Why Using a Steel Core?
Even though Aluminum conductors are bulky in size, their weight is much less than a copper conductor. Now for transmission lines having high span lengths (tower to tower distance), the vulnerability associated with aluminum’s weak strength is compensated by using a steel core in the conductor. As a result, the overall strength of power cable will be increased with high durability and resistance against storms and environmental factors.
What should be the distance between the conductors of OHTL?
There is no particular formula for the calculation of the distance of a conductor from a medium-voltage transmission line. The reason is that so many factors affect this function of distance.
The relation of those factors and their empirical effect in determining the distance makes the formulae really complex. So, normally 3-4 meters distance is kept from the medium voltage transmission lines.
This distance is horizontal if the conductors are to be placed horizontally and vertical if the conductor is to be placed vertically with respect to the position of the transmission line.
So, some general information that can be useful in this topic is as if the transmission lines are carrying a voltage less than 11 kV then a 4-5 meters distance is appreciated.
More than 11kV should be 5-6 meters apart. The height of these transmission lines should be at least 6-6.5 meters.

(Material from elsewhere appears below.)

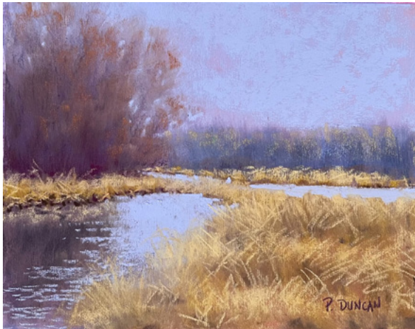
“Meandering” (Apple River) 10 x 8

I had the opportunity to stop by to see all of the beautiful artwork on display at this fabulous venue!

In southern Asia, this is general practice because the transmission lines are normally overhead transmission lines. In the United States and Europe, transmission lines are normally underground.
The distance of a transmission line with the potential of 66kV from a conductor should be 6.1 meters from the ground and 8 meters over a highway.
The distance of a transmission line with the potential of 132kV from a conductor should be 6.1 meters from the ground and 8.6 meters over a highway.
The distance of a transmission line with the potential of 220kV from a conductor should be 7 meters from the ground and 9.8 meters over a highway.
The distance of a transmission line with the potential of 400kV from a conductor should be 8.8 meters from the ground and 10.8 meters over a highway.
These distances may vary from country to country depending upon their policies.
What is the minimum phase-to-phase clearance of OHTL?
The phase-to-phase clearance of the transmission lines is as:
For 11kV the minimum phase-to-phase clearance must be 787.5 mm.
For 110kV the phase-to-phase clearance must be 990.6 mm.
For 132kV the spacing should be 1219 mm.
For 220kV there should be a distance of 2057.4 mm.
The distance between two transmission lines carrying 765 kV is 45 meters. This is the horizontal distance between these transmission lines.
What Are OHTL Conductors Made Of?
Not like underground cables, OHTL conductors are not insulated, are not copper, and are single conductors.
Which material is used in Overhead Transmission Lines (OHTL) conductors? As a short answer, I would say, Aluminum. But keep reading because there are 4 different types of these conductors.
Copper is highly efficient with a high current density even with the low cross-sectional area, yet copper isn’t preferred over aluminum due to its high cost, also because aluminum has some properties that make it perfect for this purpose.
Mostly, Aluminum is used as the transmission line conductor due to its lightweight, low cost, and negligible difference in conductivity from copper.
Some types of OHTL Aluminum conductors are:
AAC: All Aluminum Conductor
AAAC: All Aluminum Alloy Conductor
ACSR: Aluminum Conductor, Steel Reinforced
ACAR: Aluminum Conductor, Alloy Reinforced
The most widely used conductors for transmission lines are Aluminum Conductor Steel Reinforced ACSR.
It has a steel core whose steel content can be varied from (6-40) % depending upon the requirement of strength.
The center wires might be zinc-covered (galvanized) steel or aluminum-covered (aluminized) steel. The galvanization coatings are thin that are applied to prevent steel from corrosion.
And the purpose of the central steel core is to provide additional mechanical strength and so sag is remarkably less than all other aluminum conductors.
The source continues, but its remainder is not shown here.